Nonzero nilpotent elements in $\Bbb C\otimes\Bbb Q[x]/(f)$?

Question

I have to find if this affirmation is true:

Let $f\in \mathbb{Q}[x]$ such that $\gcd(f,f')=1$, then in $\mathbb{C}\otimes_{\mathbb{Q}} \mathbb{Q}[x]/(f)$ there are no nonzero nilpotent elements.

My idea is: $\gcd(f,f')=1\implies $ f has not multiply irreducible factors in $\mathbb{Q}[x]$, but I don't know how to prove that $\mathbb{C}\otimes_{\mathbb{Q}} \mathbb{Q}[x]/(f)$ is isomorphic with $\mathbb{C}[x]/(f)$ and then that f has not multiply irreducible factors even in $\mathbb{C}[x]$. Can anyone help me? Thank you in advance.

Answer 1

$\mathbb{C}\otimes_{\mathbb{Q}} \mathbb{Q}[x] \cong \mathbb{C}[x]$ is due to the following lemma:

Let $R, S $ be commutative rings.

If the $R$-module $M$ is free with basis $\lbrace m_1, \ldots m_k \rbrace$ and there is a homomorphism of commutative rings $\phi : R \to S$ , then $M \otimes_R S$ is a free $S$-module with basis $$\lbrace m_1 \otimes 1, \ldots m_k \otimes 1 \rbrace$$

This implies $$R[x] \otimes_R S \cong S[x]$$

See for example the notes of Keith Conrad about tensor product

Answer 2

You want to prove $\Bbb C\otimes_{\Bbb Q}\Bbb Q[x]/(f)$ is isomorphic to $\Bbb C[x]/(f)$. First, think of maps between the two, then prove they are mutually inverse. What are the most obvious maps to pick? Remember, $\otimes$ is supposed to function like multiplication, and you can multiply complex numbers with rationals.
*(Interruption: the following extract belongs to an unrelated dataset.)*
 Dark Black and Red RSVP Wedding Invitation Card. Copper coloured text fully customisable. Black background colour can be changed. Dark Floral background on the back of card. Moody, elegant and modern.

Next on the agenda, factor $f$ and use the Chinese Remainder Theorem to decompose $\Bbb C[x]/(f)$.

The summands you get should each look like $\Bbb C[x]/(x-z)^e$, which is isomorphic to $\Bbb C[\varepsilon](\varepsilon^e)$, which has a nilpotent iff what? A direct sum of rings has a nilpotent iff one of its summands do; can you prove this simple fact?
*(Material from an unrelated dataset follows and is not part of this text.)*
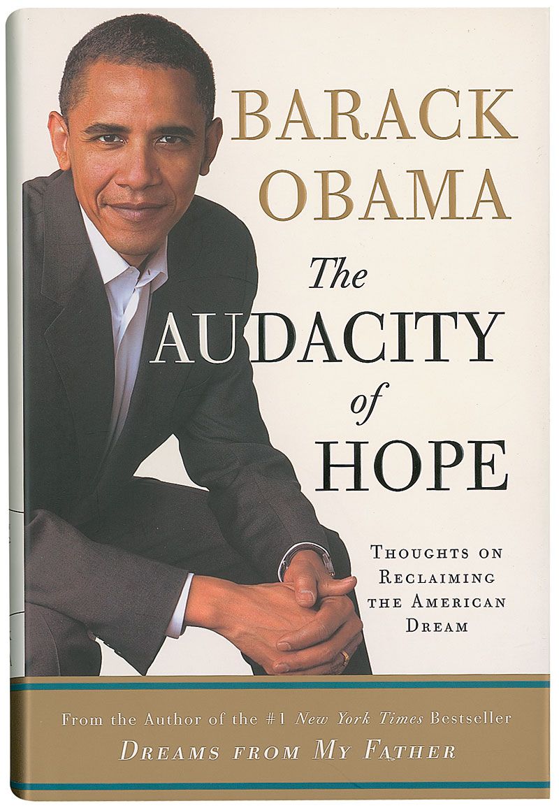 Signed book: The Audacity of Hope. First edition, first printing. NY: Crown Publishers, 2006. Hardcover with dust jacket, 6.5 x 9.5, 375 pages. Signed in person, as president, on the title page in gold ink. Autographic condition: fine. Consignor notes that signature was acquired in New Hampshire in 2009. Book condition: NF/NF. Black paper-covered boards; minor crease at spinetail. Dust jacket also has a minor crease at spinetail and extremely slight rubbing.

Finally, show $\gcd(f,f')=1$ iff $f$, $f'$ share no roots iff $f$ is separable (no repeated roots).

There is a good motivation for involving tensor products with separability. The usual equivalence $L/K$ separable $\Leftrightarrow L\otimes_K\overline{K}$ reduced extends the notion of separability to infinite field extensions.